- [EXERCISE INSTRUCTIONS]: Your copy of the entries below should hold exactly the lines from the one containing "Young couple with" to the one containing "So weich und", inclusive, and no pictures.

- [DATASET EXCERPTS]:
• • • • •

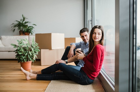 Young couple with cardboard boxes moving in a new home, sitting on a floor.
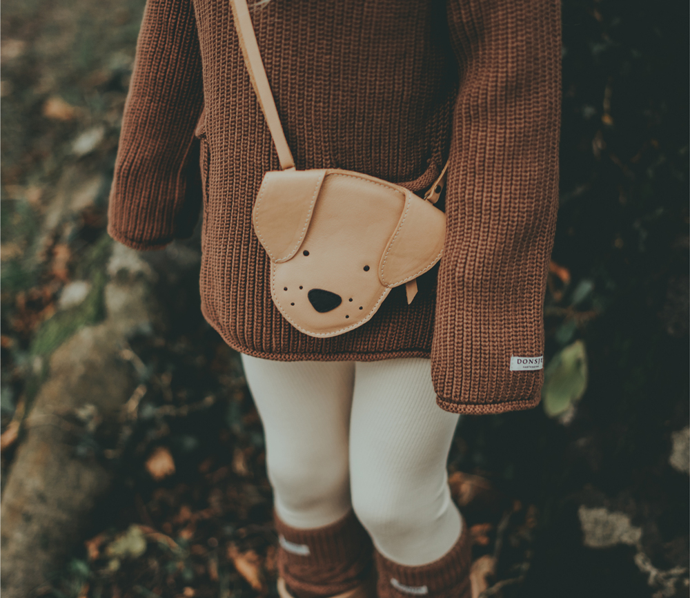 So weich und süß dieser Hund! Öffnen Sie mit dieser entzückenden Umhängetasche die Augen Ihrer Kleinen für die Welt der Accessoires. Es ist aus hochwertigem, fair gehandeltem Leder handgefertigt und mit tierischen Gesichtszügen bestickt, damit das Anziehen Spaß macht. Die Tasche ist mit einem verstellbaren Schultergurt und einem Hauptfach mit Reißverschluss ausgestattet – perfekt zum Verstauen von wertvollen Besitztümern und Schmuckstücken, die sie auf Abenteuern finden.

• • • • •

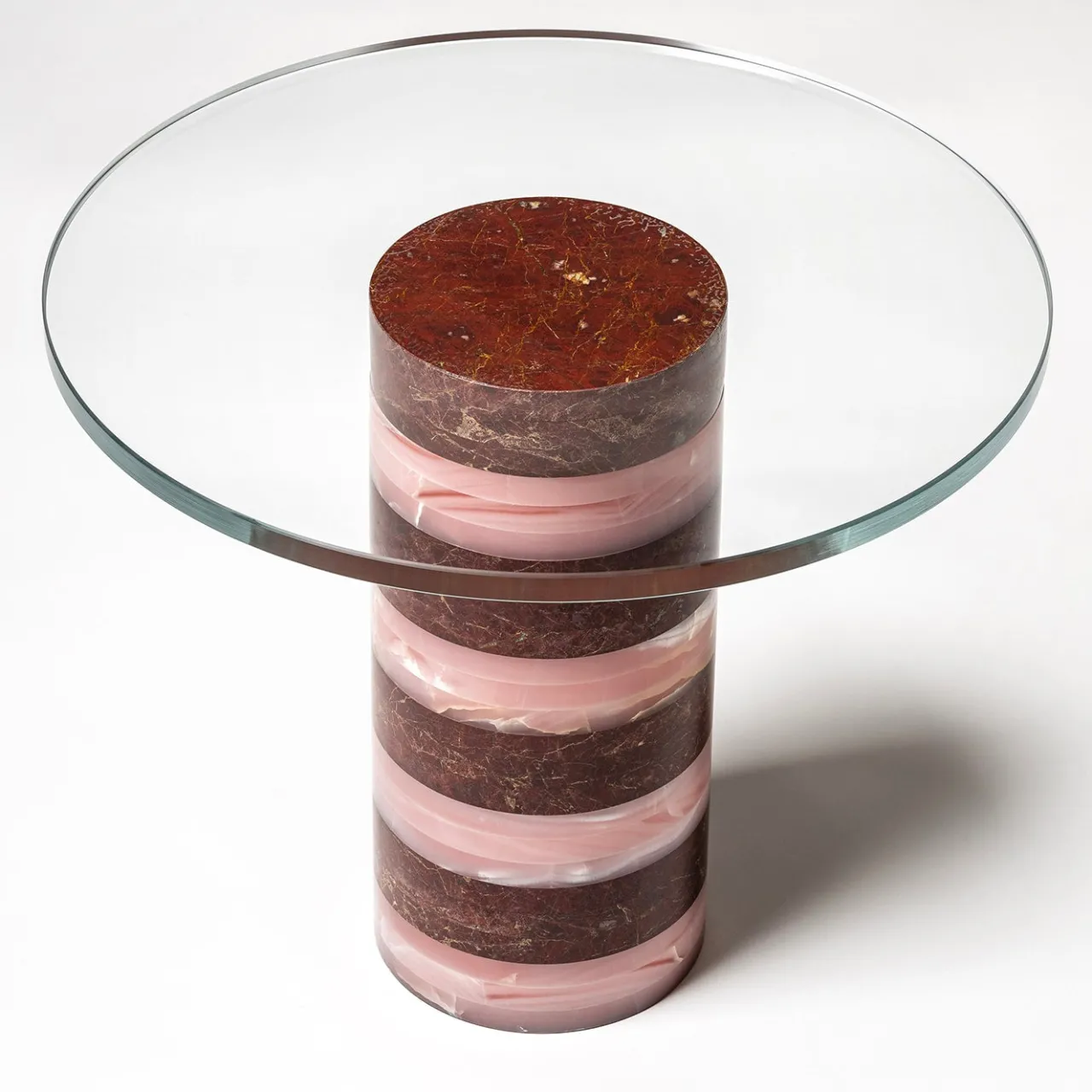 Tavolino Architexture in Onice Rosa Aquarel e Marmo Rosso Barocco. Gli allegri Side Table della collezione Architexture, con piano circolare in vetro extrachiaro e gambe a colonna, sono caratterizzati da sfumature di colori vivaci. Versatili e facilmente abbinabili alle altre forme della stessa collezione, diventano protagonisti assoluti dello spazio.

• • • • •

- [YOUR SOLUTION]:
 Young couple with cardboard boxes moving in a new home, sitting on a floor.
 So weich und süß dieser Hund! Öffnen Sie mit dieser entzückenden Umhängetasche die Augen Ihrer Kleinen für die Welt der Accessoires. Es ist aus hochwertigem, fair gehandeltem Leder handgefertigt und mit tierischen Gesichtszügen bestickt, damit das Anziehen Spaß macht. Die Tasche ist mit einem verstellbaren Schultergurt und einem Hauptfach mit Reißverschluss ausgestattet – perfekt zum Verstauen von wertvollen Besitztümern und Schmuckstücken, die sie auf Abenteuern finden.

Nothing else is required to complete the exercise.